*TASK DIRECTIONS:*
Among the entries below, find the line with "Tischplatte rechteckig, Terrazzodekor, Kanten", then quote it and each following line up to and including the line with "とにかくウイッペンの動きがす", and nothing else.

*LISTED RECORDS:*
****

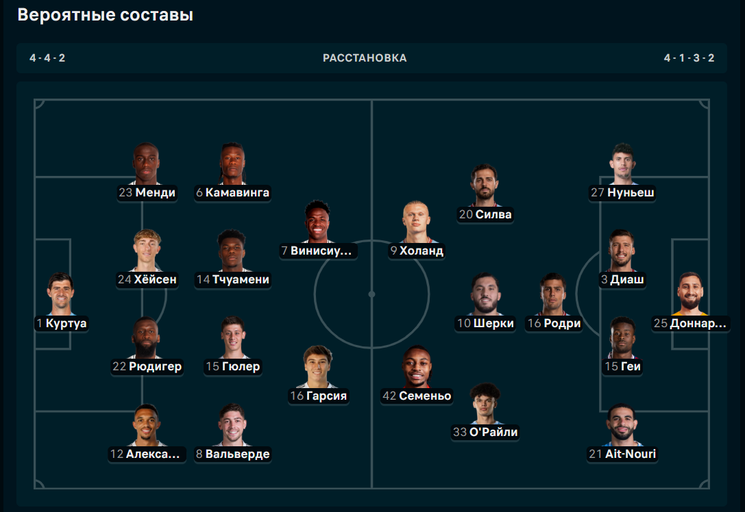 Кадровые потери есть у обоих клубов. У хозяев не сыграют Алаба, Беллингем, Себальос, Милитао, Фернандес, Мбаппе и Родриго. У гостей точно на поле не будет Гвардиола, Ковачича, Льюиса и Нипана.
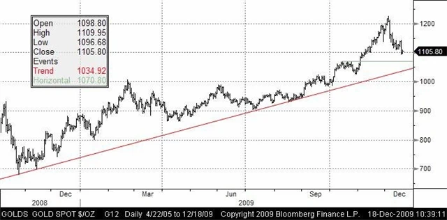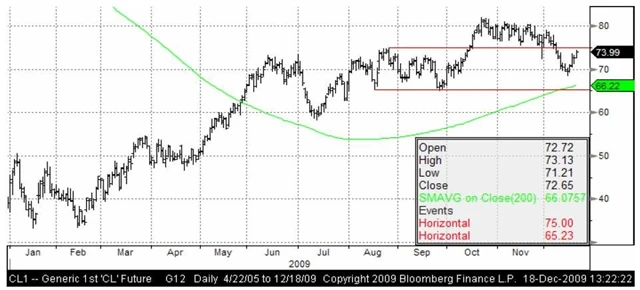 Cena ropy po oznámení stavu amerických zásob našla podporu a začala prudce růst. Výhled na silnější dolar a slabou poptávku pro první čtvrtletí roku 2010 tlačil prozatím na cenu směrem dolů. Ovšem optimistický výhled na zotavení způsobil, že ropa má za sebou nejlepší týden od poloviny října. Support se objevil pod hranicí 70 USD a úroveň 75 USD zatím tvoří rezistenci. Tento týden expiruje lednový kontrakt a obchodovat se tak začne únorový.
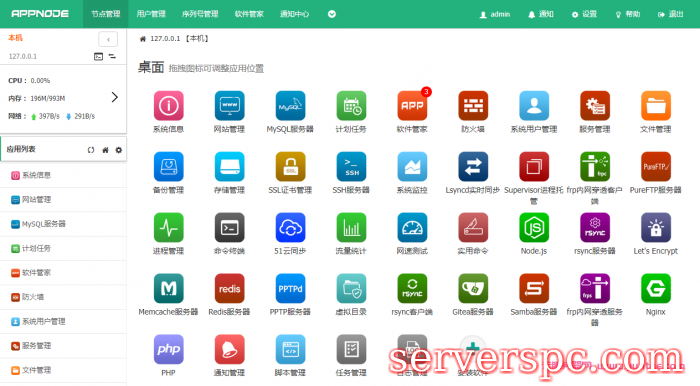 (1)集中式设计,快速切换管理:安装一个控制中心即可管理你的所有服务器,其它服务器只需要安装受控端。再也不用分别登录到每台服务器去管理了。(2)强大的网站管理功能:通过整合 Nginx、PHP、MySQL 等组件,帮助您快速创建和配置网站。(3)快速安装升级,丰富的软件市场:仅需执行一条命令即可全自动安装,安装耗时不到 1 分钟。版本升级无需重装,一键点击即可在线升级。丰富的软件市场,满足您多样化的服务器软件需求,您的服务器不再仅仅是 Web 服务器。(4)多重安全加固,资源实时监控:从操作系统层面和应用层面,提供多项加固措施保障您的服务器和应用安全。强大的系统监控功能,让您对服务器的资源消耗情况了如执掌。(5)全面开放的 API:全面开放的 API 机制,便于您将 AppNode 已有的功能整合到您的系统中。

****

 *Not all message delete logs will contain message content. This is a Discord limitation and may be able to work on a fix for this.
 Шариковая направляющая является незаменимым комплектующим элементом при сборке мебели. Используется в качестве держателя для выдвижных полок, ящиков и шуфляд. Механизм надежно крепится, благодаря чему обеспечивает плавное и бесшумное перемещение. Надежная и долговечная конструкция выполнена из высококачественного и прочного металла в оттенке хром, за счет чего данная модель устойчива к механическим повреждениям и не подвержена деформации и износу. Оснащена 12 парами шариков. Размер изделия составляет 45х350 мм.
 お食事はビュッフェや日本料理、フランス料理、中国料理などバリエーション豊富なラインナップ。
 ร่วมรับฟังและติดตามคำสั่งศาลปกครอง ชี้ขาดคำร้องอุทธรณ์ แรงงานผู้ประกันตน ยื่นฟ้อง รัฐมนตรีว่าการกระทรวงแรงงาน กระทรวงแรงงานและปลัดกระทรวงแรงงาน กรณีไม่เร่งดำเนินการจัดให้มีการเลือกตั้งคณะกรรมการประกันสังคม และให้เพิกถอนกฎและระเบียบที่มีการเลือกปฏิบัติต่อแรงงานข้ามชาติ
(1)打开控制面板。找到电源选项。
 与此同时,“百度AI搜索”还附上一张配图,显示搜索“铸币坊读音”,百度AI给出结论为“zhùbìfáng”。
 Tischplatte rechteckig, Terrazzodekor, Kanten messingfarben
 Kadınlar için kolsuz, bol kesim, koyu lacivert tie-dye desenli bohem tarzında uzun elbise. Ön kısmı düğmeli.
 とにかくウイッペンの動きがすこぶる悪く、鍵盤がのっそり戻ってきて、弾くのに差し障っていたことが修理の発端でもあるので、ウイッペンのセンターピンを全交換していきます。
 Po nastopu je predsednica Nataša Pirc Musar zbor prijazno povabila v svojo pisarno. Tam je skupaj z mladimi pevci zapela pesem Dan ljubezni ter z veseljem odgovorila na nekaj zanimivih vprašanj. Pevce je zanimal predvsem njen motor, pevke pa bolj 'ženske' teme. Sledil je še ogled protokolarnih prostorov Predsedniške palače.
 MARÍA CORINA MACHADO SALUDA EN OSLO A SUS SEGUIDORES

****

*TASK SOLUTION:*
 Tischplatte rechteckig, Terrazzodekor, Kanten messingfarben
 Kadınlar için kolsuz, bol kesim, koyu lacivert tie-dye desenli bohem tarzında uzun elbise. Ön kısmı düğmeli.
 とにかくウイッペンの動きがすこぶる悪く、鍵盤がのっそり戻ってきて、弾くのに差し障っていたことが修理の発端でもあるので、ウイッペンのセンターピンを全交換していきます。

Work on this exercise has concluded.